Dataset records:

=-=-=-=-=

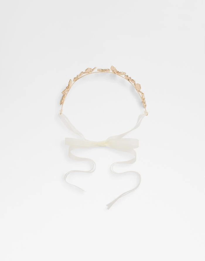 #Style notes *Hair piece with leaf & flower components & ribbon detail. #Details * Head piece * Colour Gold-Clear Multi
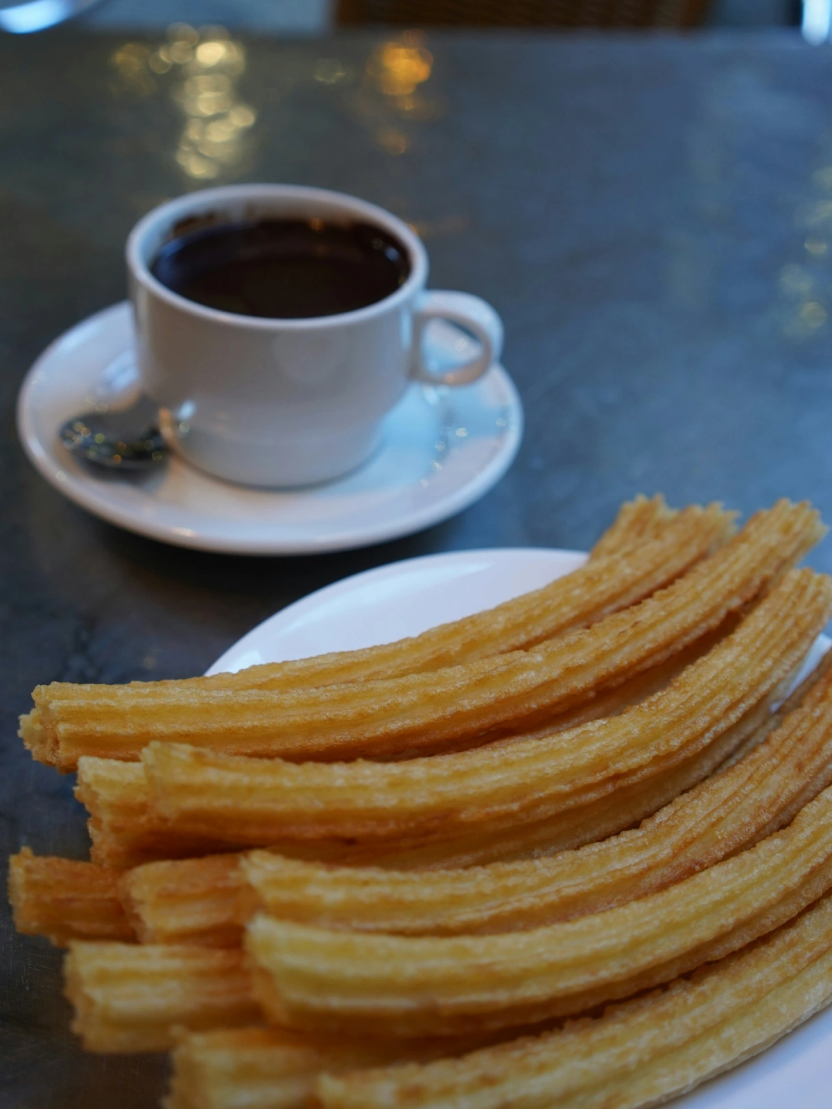 A poucos passos da praça, na Pasadizo de San Ginés, está a chocolateria mais famosa da Espanha. Aberta 24 horas (ou quase isso), a San Ginés serve o tradicional chocolate con churros desde 1894. O chocolate é espesso, quente e perfeito para mergulhar os churros crocantes.
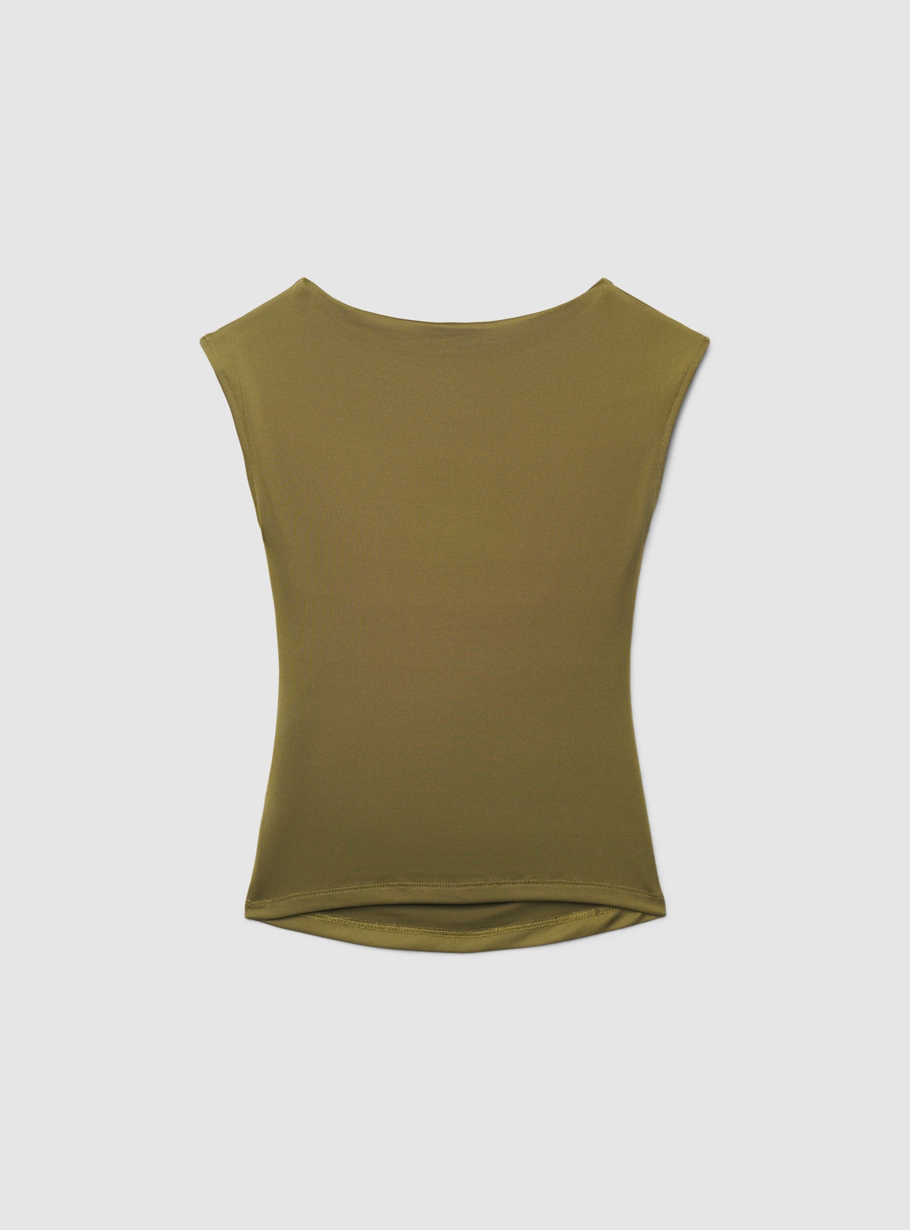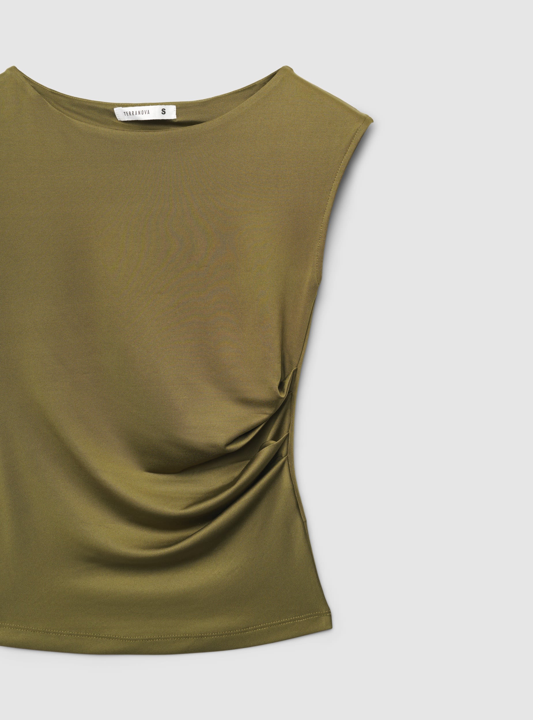 Maglietta da donna a tinta unita con tessuto elasticizzato. Design senza maniche con arricciatura laterale che valorizza la silhouette, vestibilità regular e lunghezza al fianco. Perfetta per outfit casual chic o trendy, abbinala a jeans a vita alta, pantaloni sartoriali o una gonna midi. Linea pulita e versatile per passare dal giorno alla sera.Dettagli
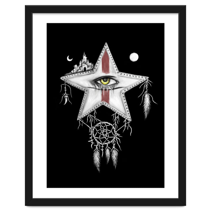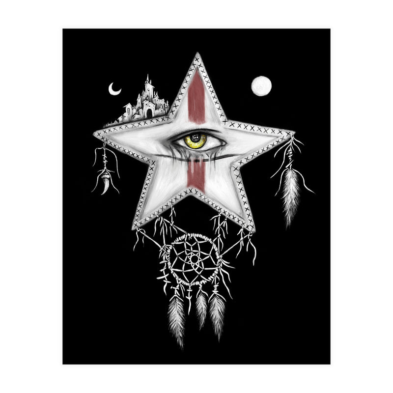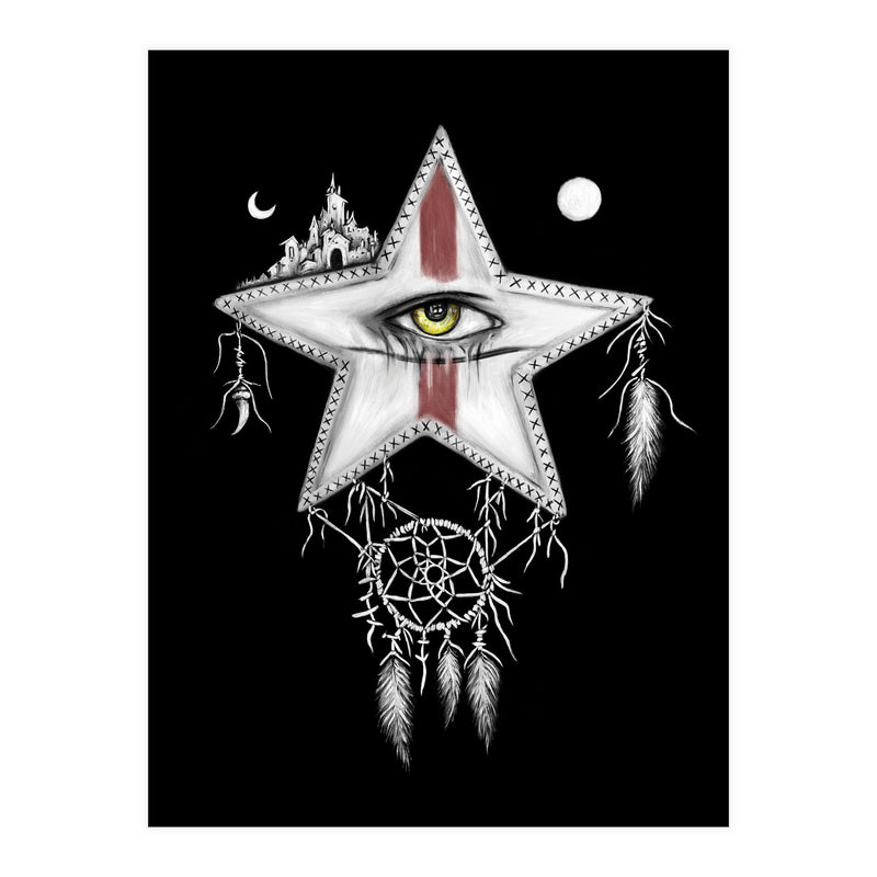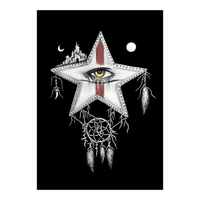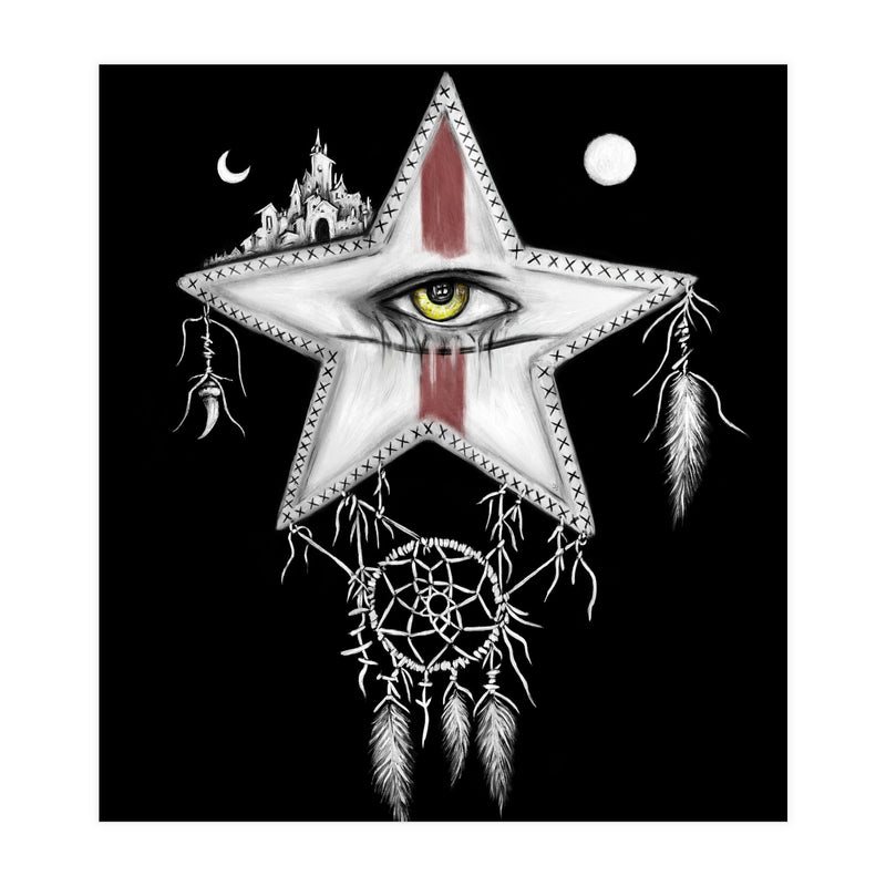 Surrealism themed black and white mixed media oil painting and digital painting of a star with a yellow vampire eye, and red war paint on it's face. Above it are a sun and moon, and a ancient city. Hanging below it is a dream catcher with pale feathers hanging from it.
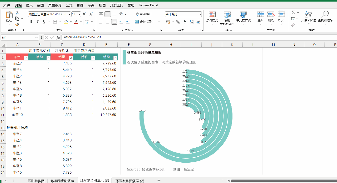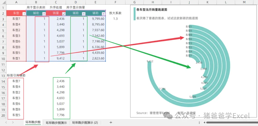 Excel创意图表-跑道图|排名占比等数据展示分析

=-=-=-=-=

**AIM OF THE TASK:** What is needed is an exact transcription of the lines from the one containing "A poucos passos" through the last line of the records above, both included, with no pictures.

**EXERCISE OUTPUT:**
 A poucos passos da praça, na Pasadizo de San Ginés, está a chocolateria mais famosa da Espanha. Aberta 24 horas (ou quase isso), a San Ginés serve o tradicional chocolate con churros desde 1894. O chocolate é espesso, quente e perfeito para mergulhar os churros crocantes.
 Maglietta da donna a tinta unita con tessuto elasticizzato. Design senza maniche con arricciatura laterale che valorizza la silhouette, vestibilità regular e lunghezza al fianco. Perfetta per outfit casual chic o trendy, abbinala a jeans a vita alta, pantaloni sartoriali o una gonna midi. Linea pulita e versatile per passare dal giorno alla sera.Dettagli
 Surrealism themed black and white mixed media oil painting and digital painting of a star with a yellow vampire eye, and red war paint on it's face. Above it are a sun and moon, and a ancient city. Hanging below it is a dream catcher with pale feathers hanging from it.
 Excel创意图表-跑道图|排名占比等数据展示分析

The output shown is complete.